Надо сказать, что Санька при всей его дубоголовости знал толк в анекдотах, любил их и в памяти держал несметное количество. В основном похабных. Про Анку-пулемётчицу, про Сару и Абрама, про лису и медведя. Про поручика Ржевского и Наташу Ростову не любил, но помнил. Память на анекдоты была у него какая-то невероятная, как у мутанта, – он помнил их все, разве только те выпадали из памяти, смысл которых до его интеллекта, – если то, чем он мыслил, можно было назвать интеллектом, – не доходил. Проще говоря, он не запоминал анекдоты, требующие некоторого умственного напряжения для расшифровки смысла. Он так и не понял любимого анекдота Фрейда, который, вообще-то, изумительно прост: стареющий муж говорит стареющей жене: «Если кто-то из нас раньше умрёт, я уеду жить в Париж». Санька Дуб юмора не просёк, но ввиду краткости анекдота всё же его машинально запомнил. Ну, а если учесть, что девяносто процентов анекдотов в той или иной мере похабные, а похабность примитивна, то, стало быть, Санька Дуб помнил их девяносто процентов. И уж анекдот про беседу Брежнева со своим соратником по Политбюро Сусловым о лечении от всех болезней уриной помнил слово в слово, особенно хорошо копировал причмокивающее произношение постаревшего Брежнева: «Запомни, Миша, я мочу не пил, не пью и пить не буду». Вполне приличный анекдот. Но про мочу. Это Саньку Дуба и забавляло. И вот выискался салага, который сравнил с мочой пиво. Этого Санька не мог ни понять, ни стерпеть. Пиво – моча?! Глаза его злобно сощурились. Чёткие пацаны, обожающие пиво во стократ пуще колы и прочих шипучек, тоже были ущемлены в романтических чувствах и готовы были тут же превратить Дениса в фарш. Но Санька остановил:
– Ша! Ну не любит человек мочу, значит не любит. Брежнев тоже не любил.

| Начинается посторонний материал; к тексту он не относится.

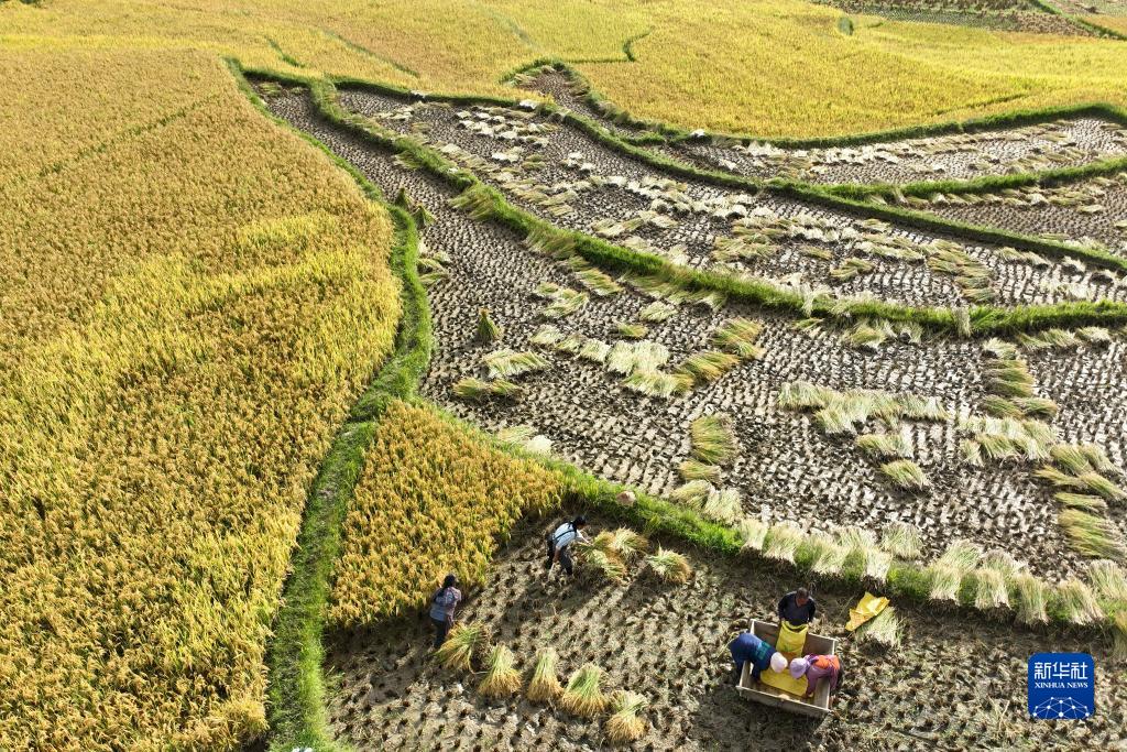 10月7日,农民在云南腾冲市腾越街道上勐连社区收获稻谷(无人机照片)。

Причём тут Брежнев, пацаны не поняли, но утихли.
На том и расстались с Денисом.
И вот теперь, когда повалили обидчика на кафельный пол в душевой, а Санька наполнял пустые банки из-под «Бургского Улётного» из своего пузыря, поняли замысел вожака и, развеселившись, ржали как жеребцы.

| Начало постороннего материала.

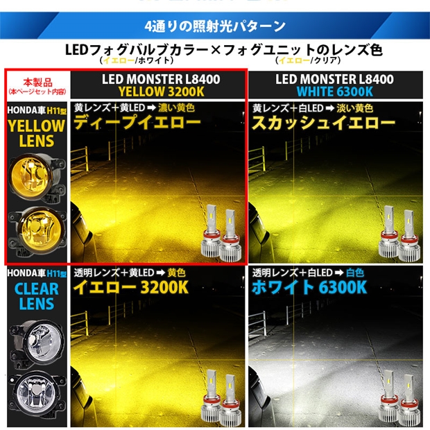 【即納】ホンダ ステップワゴン[RP6/7/8] 純正LEDフォグランプ装着車対応[H11型]イエローガラスレンズフォグランプユニット付 LED MONSTER L8400 イエロー LEDフォグランプキットバルブ規格:H11(H8/H11/H11共通) 「おすすめ商品」
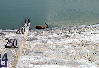 הצבי החליק למאגר המים, נקשר בקרניו וחולץ
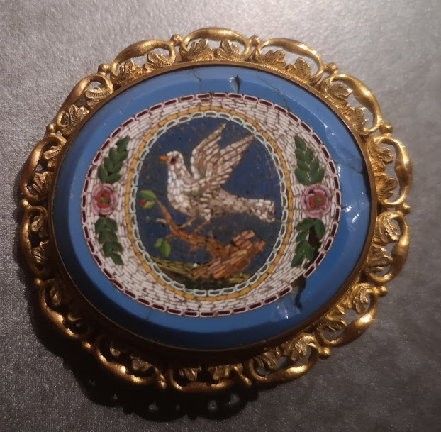 And, the one treasure I did find in Toronto, a fine Italian double sided micro-mosaic brooch. Circa (approx) 1860-1880. Note the detail - the entire brooch measures perhaps an inch and a half in width; double sided (a rarity), found in a bag for $3.99 at National Thrift:
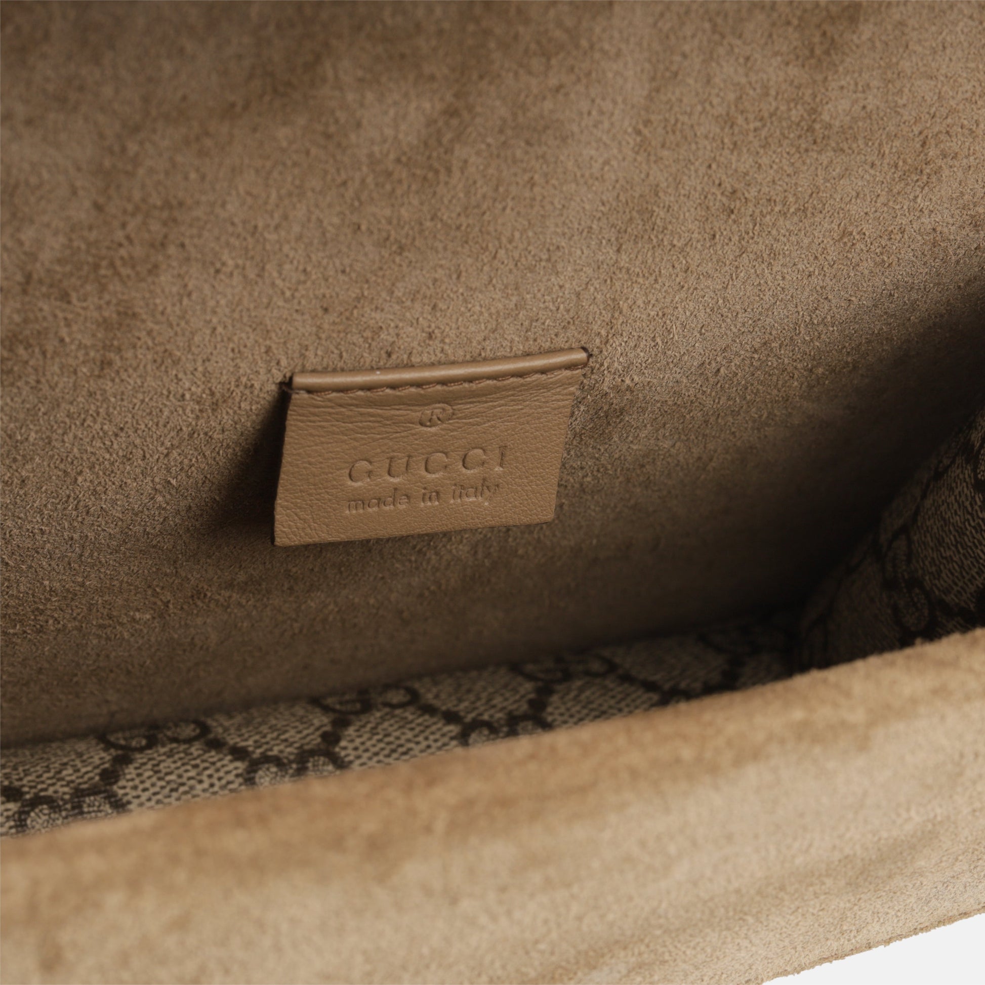 - Gucci embossed leather logo tag

Их было пятеро, сподвижников гнусного Дуба. «Щас я тебя порадую, щас ты у нас хлебнешь пивка», – весело приговаривал Санька, и подельники дружно гоготали.
Мочу вливали надёжно. Денису не давали трепыхнуться и крепко зажали нос, чтобы рот открывал. Так вливали в древние времена расплавленное олово в горло еретикам.
«Фирма!», «Плиз!», – упражнялись в плоском остроумии деды.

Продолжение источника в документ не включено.